You put a file in (in my case  a file called config.yml) and put
in $SOURCE_DIR on your driver . You tell spark-submit to pick that
file up --files
config.yml  and put it in every executor directory.


My $APPLICATION file called testpackages.py has this code:


import sys

import os

import pkgutil

import pkg_resources

import yaml

import pyspark

from pyspark.sql import SparkSession

from pyspark.sql import SQLContext

from pyspark.sql import HiveContext

from pyspark import SparkFiles

from pyspark import SparkConf, SparkContext

def main():

    spark = SparkSession.builder \

        .enableHiveSupport() \

        .getOrCreate()

    sc = SparkContext.getOrCreate()

    sc.setLogLevel("ERROR")

    # check os path

    from os import listdir

    from os.path import isfile, join

    dirpath="/d4T/hduser/minikube"

    onlyfiles = [f for f in listdir(dirpath) if isfile(join(dirpath, f))]

    print(onlyfiles)

    print("==> End looking at loaded files")
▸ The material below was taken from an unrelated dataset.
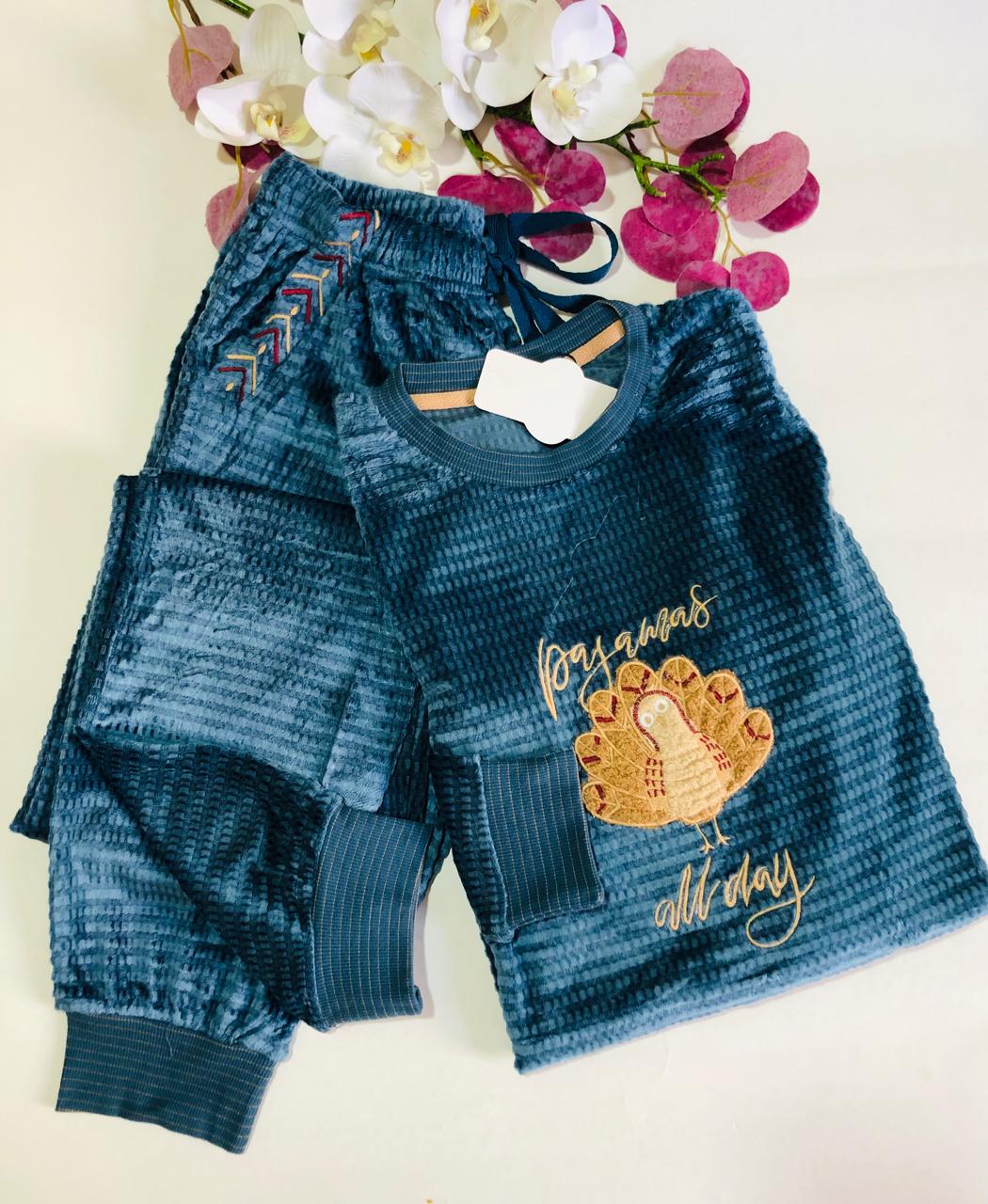 Ce pyjama en velours est l’allié parfait pour allier douceur et style pendant vos moments de détente. Disponible en trois couleurs tendance : rose poudré, bleu ciel et beige clair, il se distingue par son toucher velouté et son design élégant. Le haut est décoré d’un motif brodé original avec l’inscription "All Day", ajoutant une touche chic et décontractée. Les poignets et la taille sont élastiqués pour un ajustement confortable, tandis que le pantalon est muni de poches pratiques. Proposé dans les tailles M à XXL, ce pyjama est idéal pour une soirée cocooning ou pour se relaxer avec style.

When is run it finds both files (see in red below created for each
executor)  but claims it cannot create SparkContext

From

 DRIVER_POD_NAME=`kubectl get pods -n spark |grep driver|awk '{print $1}'`

kubectl logs $DRIVER_POD_NAME -n spark



we can see the problem


2021-07-24 10:26:26,106 INFO ui.SparkUI: Bound SparkUI to 0.0.0.0, and
started at http://pytest-3bbfa67ad80d2534-driver-svc.spark.svc:4040

2021-07-24 10:26:26,118 ERROR spark.SparkContext: Error initializing
SparkContext.

java.io.FileNotFoundException: File
file:/d4T/hduser/minikube/spark-upload-065d87cf-a1ee-4448-8199-5ec018aacfde/config.yml
does not exist

        at
org.apache.hadoop.fs.RawLocalFileSystem.deprecatedGetFileStatus(RawLocalFileSystem.java:666)

        at
org.apache.hadoop.fs.RawLocalFileSystem.getFileLinkStatusInternal(RawLocalFileSystem.java:987)

        at
org.apache.hadoop.fs.RawLocalFileSystem.getFileStatus(RawLocalFileSystem.java:656)

        at
org.apache.hadoop.fs.FilterFileSystem.getFileStatus(FilterFileSystem.java:454)
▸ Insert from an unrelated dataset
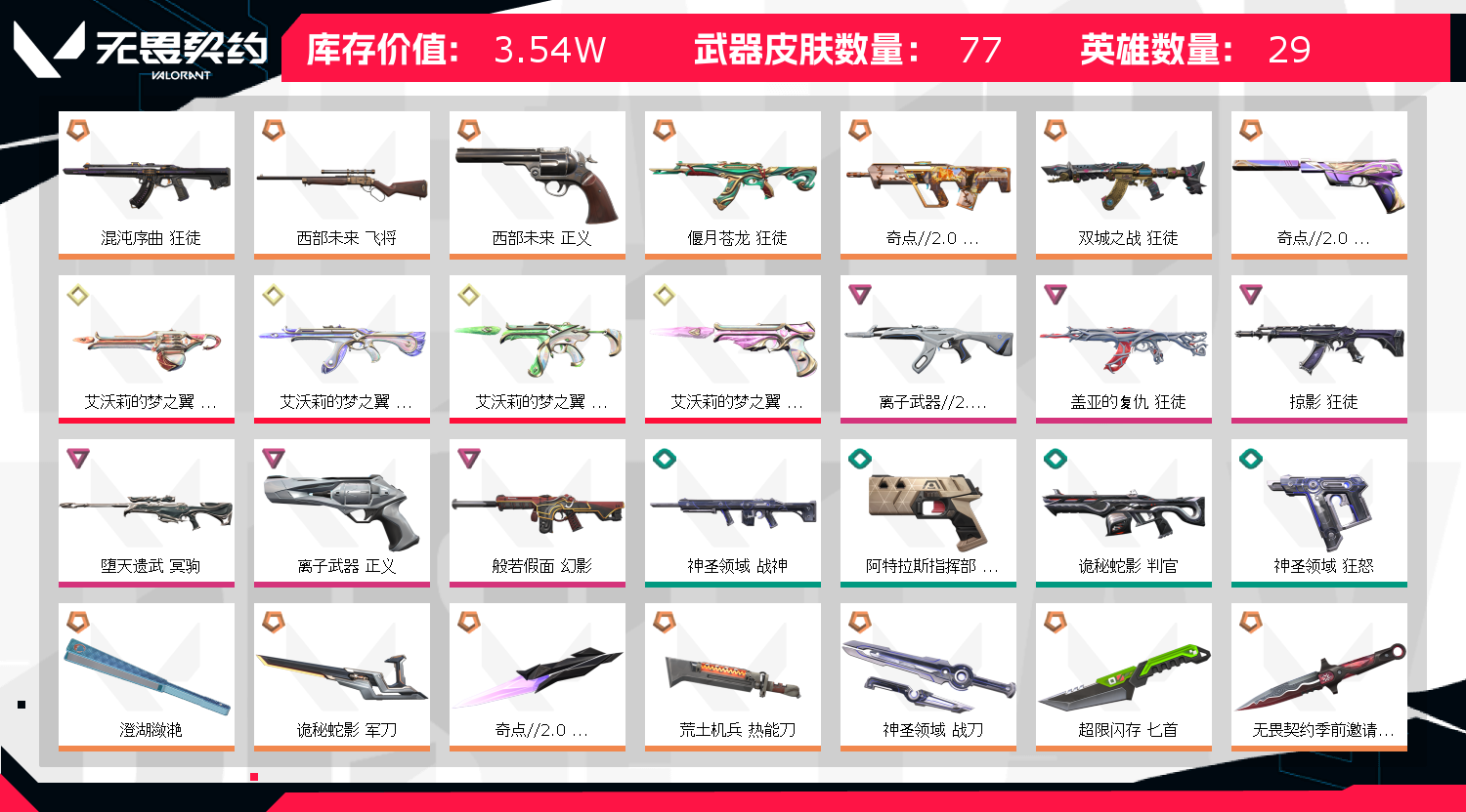 请文明上网 英雄28 武器皮肤数量77,艾沃莉的梦之翼差仙女棒全套,8把卓越及以上品质狂徒,堕天遗武冥驹,西部未来正义,西部未来飞将,离子武器正义,掠影狂徒;艾沃莉的梦之翼 奥丁,盖亚的复仇 狂徒,掠影 狂徒,混沌序曲 狂徒,离子武器//2.0 狂徒,堕天遗武 冥驹,西部未来 飞将,

        at org.apache.spark.SparkContext.addFile(SparkContext.scala:1604)

        at
org.apache.spark.SparkContext.$anonfun$new$13(SparkContext.scala:508)

        at
org.apache.spark.SparkContext.$anonfun$new$13$adapted(SparkContext.scala:508)

        at scala.collection.immutable.List.foreach(List.scala:392)

        at org.apache.spark.SparkContext.<init>(SparkContext.scala:508)

        at
org.apache.spark.api.java.JavaSparkContext.<init>(JavaSparkContext.scala:58)

        at
java.base/jdk.internal.reflect.NativeConstructorAccessorImpl.newInstance0(Native
Method)

        at
java.base/jdk.internal.reflect.NativeConstructorAccessorImpl.newInstance(Unknown
Source)

        at
java.base/jdk.internal.reflect.DelegatingConstructorAccessorImpl.newInstance(Unknown
Source)

        at java.base/java.lang.reflect.Constructor.newInstance(Unknown
Source)

        at py4j.reflection.MethodInvoker.invoke(MethodInvoker.java:247)

        at
py4j.reflection.ReflectionEngine.invoke(ReflectionEngine.java:357)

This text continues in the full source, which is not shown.